2021年1月10日日曜日

20210109土 くだらない山@大山南山稜

このところ膝の調子がさえない。
下りでどうしても膝関節が軋みだしてしまう。

昔何度か手ひどく痛めて以来、歩き方には気をつけてはいるつもりだった。
体重を・着地の衝撃を直接膝関節に与えないよう、膝周りの筋肉や足首を使った静かな歩き方を心掛けていた。
それは間違いではないのだろうけど。
ともすれば「筋肉に頼りすぎた歩き方」になっていたのかもしれない。
長時間酷使して筋肉がへろへろになった後の最期の下りで、筋肉が働かずに関節にダメージが入っていたのかも、と思わないでもない。
歩き方の姿勢を見直すべきか。
いや、そもそもオーバーユーズなので休ませるべきか。

こんな時思うのは「山に登るだけ登って、下らなくて良いなら楽なのになあ」。
どっかで聞いた話だが、パラグライダーというのはアルプスに登った人が、登頂したあとの下山が大変なので飛んで降りられたら、と発明したとかなんとか。
私の実感でも日本の3000m級を縦走していて、最終日に一気に大きな標高差を降りなければならないのはとてもツライ。

まあともかく。
高い場所までバスとかロープウェーとかリフトとか、そういうのが来ている場所ならばそれらを下山に使って膝の負担をかけない山歩きというのもアリではないかと。
ずっとそんな山ばかりとはいかないでもね。


始発で来た鶴巻温泉駅。
駅前のファミマで暖かいコーヒーととおにぎりを買う。


6:44出発


陣屋の脇を抜け、東名をくぐって山に入ると後ろから朝日が昇ってくる。


裏山って感じの山だが、人の通りは多い。


「関東ふれあわない道」なんて揶揄もある、関東ふれあいの道の標識。
ここは早朝にも関わらず、散歩をしている近所の老人やトレランの人とか結構いる。

関東ふれあいの道って、バス停等の公共交通機関を起終点とした日帰りのコースといいうコンセプトはいいのだけど。
コースとコースをつなげるという制約の為に結構無茶な……あえてメジャーなルートを外したコース取りになっている事が多くて。
その為オフシーズンの平日ともなれば一日歩いても誰にも会わない事もあったり。




冬枯れの山もモルゲンロートで紅葉したかのようだ。


善波峠を北へ




伊勢原と秦野を南北に隔てる尾根ゆえ、鉄塔が多い。


富士の雪は今年もすくなめ


念仏山。
ベンチがあったので座って小休止。


秦野の市街と箱根の山なみが見える。
富士山方向は開けてなくて見えないのが残念。


多少山道らしくなってきた


NHKの電波施設のある高取山と、その左後ろに大山


高取山は以前北から降りてきたことがあった。
その時はなんとも思わなかった、南から見上げるとそれなりに立派な山容をしている。


結構登りごたえがある。
それにしても寒い。

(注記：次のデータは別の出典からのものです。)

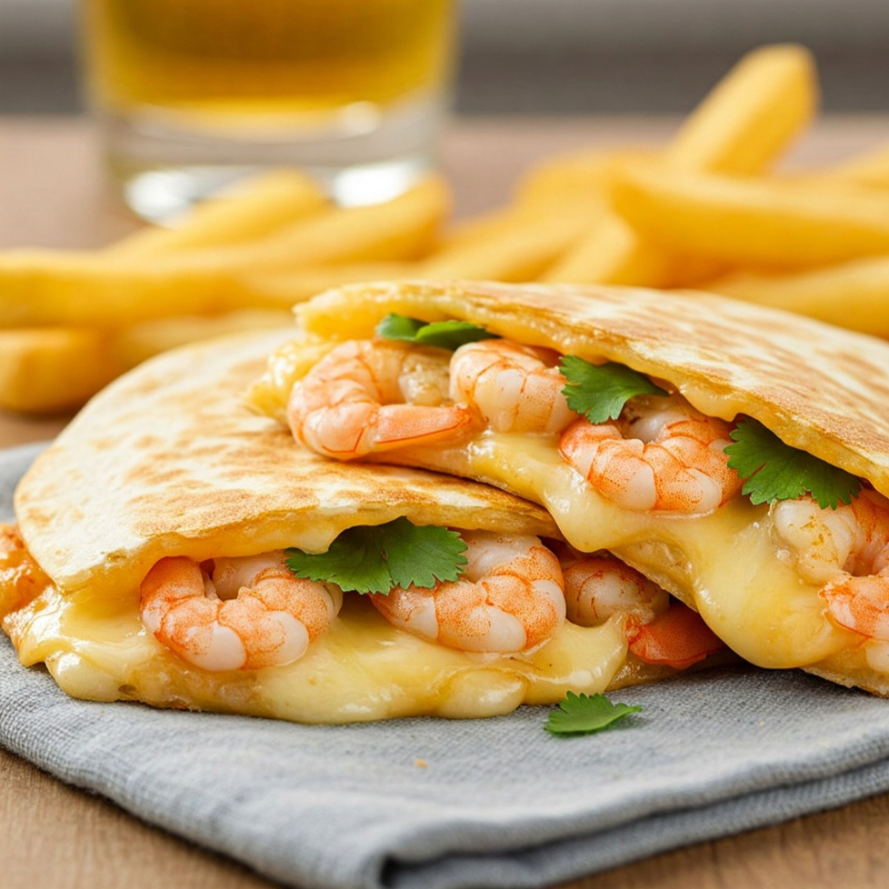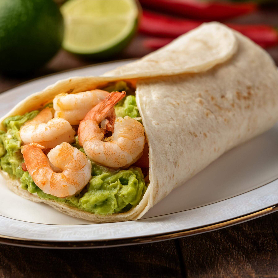 tortilla de harina, Camarones.queso,jamon y rajas de chile poblano asadas

耳がしびれるようでフードをかぶる。
手袋も軍手の上に防寒テムレスをつけているが、指先が凍える。


高取山到着。
北に大山を展望できる休憩場所だ。


南東に伊勢原から平塚方面。
登ってきた太陽が相模湾を金色に染めている。


ベンチに座ってお湯割りを飲み、おにぎりを食べていると。
西の方から犬が2匹やってきた。


猟犬だろうな、ハンターの姿は見えないが。


もう一匹の方はおとなしめ。


では出発。
これから向かう北への稜線の先に大山。
中腹に阿夫利神社が見える。
あそこから山頂へ登るの、結構急だよ。



指が凍えて限界なので、通気性重視でつけていた麻混の軍手をとって、綿の手袋に変える。
いくら空気こそが保温剤といっても、断熱層が無ければ冷たい風に撫でられる表面から冷気が伝わってしまうし、指先のような末端は体幹部分と違って発熱が小さいので。
通気性よりも断熱性の方が必要なのだな。

インナーを綿の手袋に変えたら指先の凍えもおさまった。
私は冬山はやらないのでさほど手袋の性能にはこだわっていないが、インナーグローブとオーバーグローブの組み合わせは検討する余地がある。


蓑毛越。
ベンチにすわって残りのスコッチをお湯割りにして飲んでしまう。


蓑毛越から下社まではほぼ水平。
途中鎖の打ってある場所もあるが、どうということもない。


下社の登山口。
昨日ネットで見たのだが。
緊急事態宣言を受けて、伊勢原商工会議所が大山への「山頂登山はお控えください」という看板を出しているらしい。
その一つがここにもある、のだが。
石灯籠の後ろに隠されるように置いてある。

大山寺と阿夫利神社、ならびその周辺の茶屋や土産物屋は一つの経済圏であり、そこで生活する人々がいる。
そこへ「来るな」とは言えない苦しい事情はわかる。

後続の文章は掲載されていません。